QuickTake:
The city is looking at seven properties that have broken-down vehicles, repeat building violations, overflowing trash, and other violations. The City Council directed staff to move ahead with the process for a nuisance lien, a legal claim the city places on a property that is typically collected when a property is sold.
Springfield City Council on Oct. 13 discussed using nuisance liens to collect outstanding court fines related to civil code violations at seven Springfield properties.
The properties have more than $355,000 in Municipal Court-ordered fines that remain unpaid despite collection efforts, code enforcement officer Charlie Kent told councilors. The fines originated from Municipal Court proceedings where property owners were found in violation of city code and assessed monetary penalties by the court.
“These aren’t minor violations,” Kent said. “These are chronic nuisance properties that seriously impact the community.”
According to a memo to the City Council, the violations include issues such as people living in recreational vehicles on vacant lots with garbage spilling onto adjacent properties; obstruction of ADA access with moving containers; repeat dangerous building violations; inoperable vehicles; trash thrown into neighboring yards; residential use of undeveloped property; operating a business without land-use approval; and industrial vehicles stored on residential lots.
“Their neighbors are continuing to suffer the impacts and compliant property owners rightfully question why these property owners really face no real consequences,” Kent said.
A nuisance lien is a final enforcement tool to ensure compliance with court orders and recover funds owed to the city. Kent said the nuisance lien program is also about equity.
“These seven property owners have accumulated a large amount of fines, while their neighbors do the right thing and invest in their property,” he said. “And so, without this effective collection mechanism, our code compliance system really loses our credibility here.”
A nuisance lien attaches to a property and is valid for up to 10 years. The debt is commonly collected when a property is sold or refinanced.
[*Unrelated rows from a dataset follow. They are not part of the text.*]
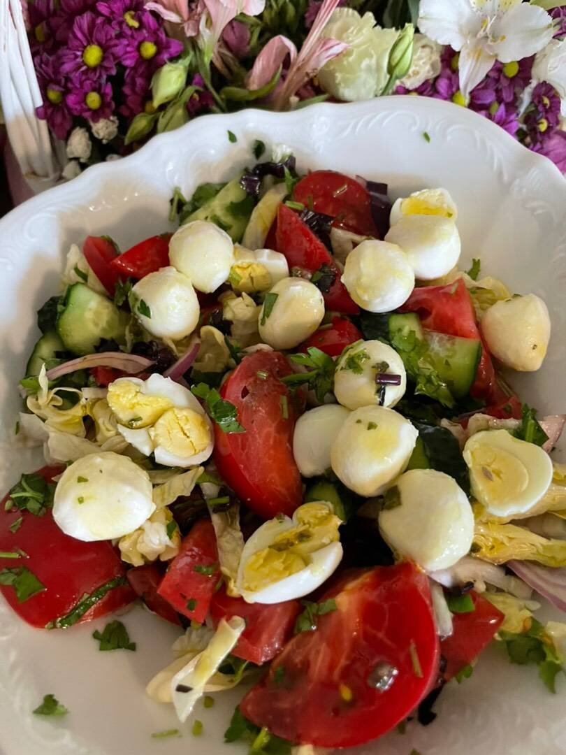 Легкий, нежный вкус летнего салата с сырной ноткой 👌🏻 Подходит как гарнир к мясу 👌🏻 #кукпадготовит #воскресенье Ингредиенты: помидоры 🍅, огурец 🥒, Зелень (кинза, укроп, петрушка) , Салат айсберг или листья салата по желанию, перепелиные яйца, Сыр моцарелла мини, Оливковое масло для заправки, Соль , Лук красный Способ приготовления: Овощи помыть! Помидоры нарезать крупно. Огурец нарезать средне ! Добавить к помидорам! Нарезать лук красный и добавить в салат (количество лука добавить на ваше усмотрение). По желанию добавить салат айсберг ! Зелень нарезать и отправить в салатницу ! Перепелиные яйца нарезать пополам, сыр моцарелла мини целиком добавить в салат. Салат посолить, полить оливковым маслом! Салат готов! Приятного аппетита 🤗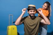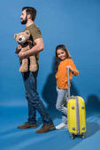 Ojciec i córka z paszportów i bilety będzie podróżować na niebiesko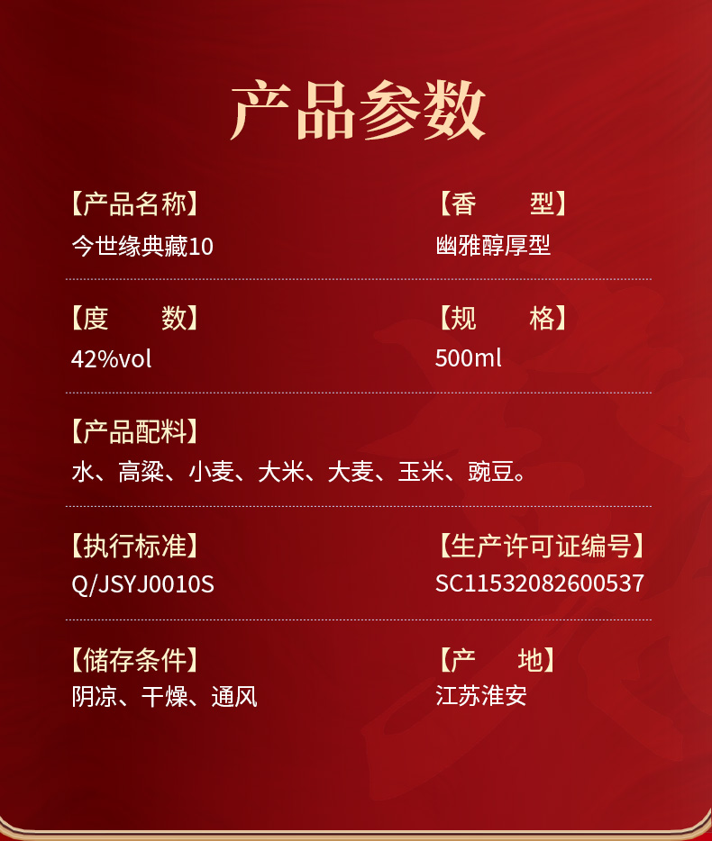 【酒厂直营】今世缘浓香型白酒典藏 D10 整箱 42度500ml*6瓶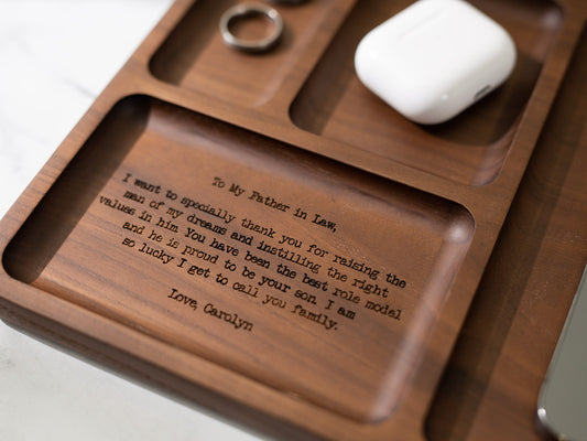 Rectangle Organizer Catchall D1 - 8.5x11.5" Large Wood Engraved Tray, Home Work Office Table Charger Station, Custom Message for Mom or Dad

Nuisance liens are different from abatement liens in that abatement liens recover costs that the city incurs through physically abating nuisance violations. He said these properties are not a good fit for abatement for various reasons, including that it would be too expensive or violations are hard to access.
He said the Springfield Municipal Code establishes a process that protects property owner rights when imposing such liens. The city notifies the property owners that the debt from the unpaid court fines will become a lien on the property if payment isn’t made within 30 days. The property owners have the opportunity to object in writing or at a City Council hearing that will be scheduled on the issue. Then the council votes whether to approve placing the lien on the property.
“I want to emphasize the extent of due process built into this,” Kent said. “Compliance staff or people with the city aren’t able to impose these liens unilaterally.”
He also said that the ultimate goal is code compliance, and the city will reduce the fines if the property owners are able to come into compliance.
Both Councilor Kori Rodley and Mayor Sean VanGordon said nuisance properties are one of the issues they hear about the most from constituents.
“I’m probably not alone with my colleagues up here,” Rodley said. “This is one of the things that I get the most people showing up on my doorstep about.”
VanGordon directed city staff to move forward with a public hearing on the nuisance liens.